The notion underlying all these projects was the creation of a transmitter facility which could communicate with nuclear submarines submerged in the ocean following World War III or other nuclear detonations.  The transmitter remains controversial, however, because the effects of high ground currents on the environment and surrounding electromagnetic files are not known. 

“Drive” plays with this tantalizing premise, and suggests that ELF waves impact “the inner ear,” unbalancing internal pressure to the point that human heads could -- a la The Fury (1978) or Scanners (1981) -- simply explode.  But where those rated-R horror films featured full-on exploding heads, “Drive” takes a different tact, perhaps because of TV limitations.  Here, the heads explode off-screen like popping zits, and we see the sudden spurting of blood, but not flesh literally blowing apart.  This visualization is remarkable effective, and sickening.

Amusingly, “Drive” also functions as something of a character-piece.  The episode suggests that the ill-informed conspiracy theories of a knucklehead like Crump could, in fact, be accurate on some occasions. He reflexively suspects that the government has “done this” to him, and in fact he’s right.  Even a broken clock is right two times a day, and in this case Crump’s paranoia, as Mulder notes, is entirely justified.  Of course, he is not the government’s “guinea pig” as he fears and suspects, but rather the collateral damage of the government’s pure incompetence.  The Seafarer project suffered an unexpected power surge.  Nobody was out to get Crump, in other words, but nor was anybody protecting him.

Mulder and Crump clearly don’t like each other very well, or understand each other much, but their mutual situation -- trapped in a speeding car with death just moments away -- allows them to bond on simple human terms, and that’s where “Drive” really excels.  Nobody deserves to suffer in the way that Crump does, and Mulder does everything within his power to save him.  This episode is about showing humanity towards someone who, quite frankly, can be horrible to deal with.

In fact, the episode’s final act carries so much emotional weight because we have become thoroughly invested in Crump’s plight, and the episode teases us with the possibility of a fix...a cure.  Scully plans to meet Mulder at the coast, by the sea, and will insert a long needle into his ear to relieve the pressure.  This act will render him permanently deaf, but it's a trade-off he’s willing to make.  Accordingly,“Drive” lures us into believing there’s still a chance that Crump could yet live.
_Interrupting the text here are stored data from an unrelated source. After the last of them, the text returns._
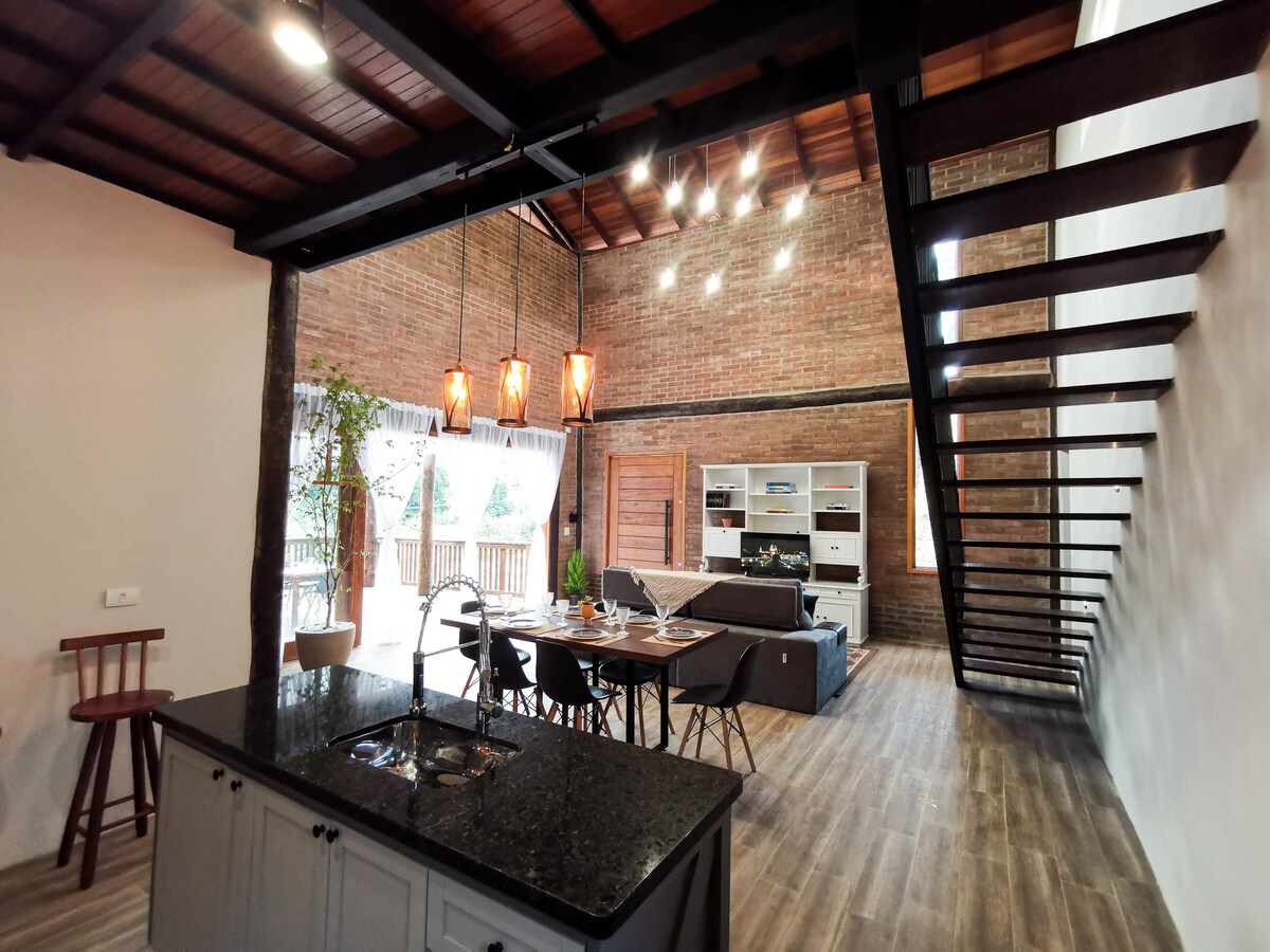 자연 한가운데에 있는 로맨틱한 휴양지로 커플에게 이상적입니다. 커피 농장으로 둘러싸인 목장에 위치한 스위스 스타일의 샬레(A자형 주택)로, 전용 강과 폭포가 있습니다. 세하 다 만티케이라가 내려다보이는 야외 욕조, 실내 자쿠지, 화덕, 바비큐 시설, 비치 테니스 코트, 그네 침대, 전망이 좋은 드라이 사우나, 100인치 스크린이 있는 실내 프로젝터가 있습니다.
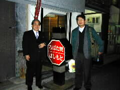 |  | さあ、今夜の歓迎オフ会の会場のお店「はしもと」にやってきました。すぐに出席者の田中さんがこられました。田中さんはコアラ会員ですが、オーロラの会員でもあり木津さんとはネット仲間です。 |
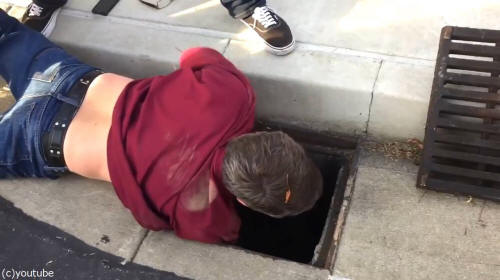 何とか救出を試みるも、狭い排水溝はとても人間が入れる広さではありません。

But then, Mulder drives by in the episode's closing moments, and we see that scarlet blood spatter on the window of his car.  He was moments -- maybe just feet -- away from saving his ward.



“Drive’ succeeds on the principle of “you stop moving, you die,” and speeds towards its conclusion with purpose and pathos.  I wonder too, if the “you stop moving, you die” edict applies to Crump's life.  He’s a man who has been cut no breaks in life, and hates everybody ahead of him in the “line.”  Every day he has to keep trying -- keep moving -- or he and his wife fall further behind in the race of life.   

In “Drive,” Crump runs up against something that makes him run even faster, but it’s a race he can never win. There's something very human about that predicament, which is why what happens to Patrick Crump matters to Mulder.  It matters to the rest of us too.

Next week: "Monday."

1 comment:

  1. Never got into this episode when it was broadcast. I figured assuming his condition was real and that he's in a '68 Barracuda he's got seven hours to live max. And that's starting from a full tank and being optimistic about mileage...

    Wait a second... wouldn't driving East result in moving faster through space?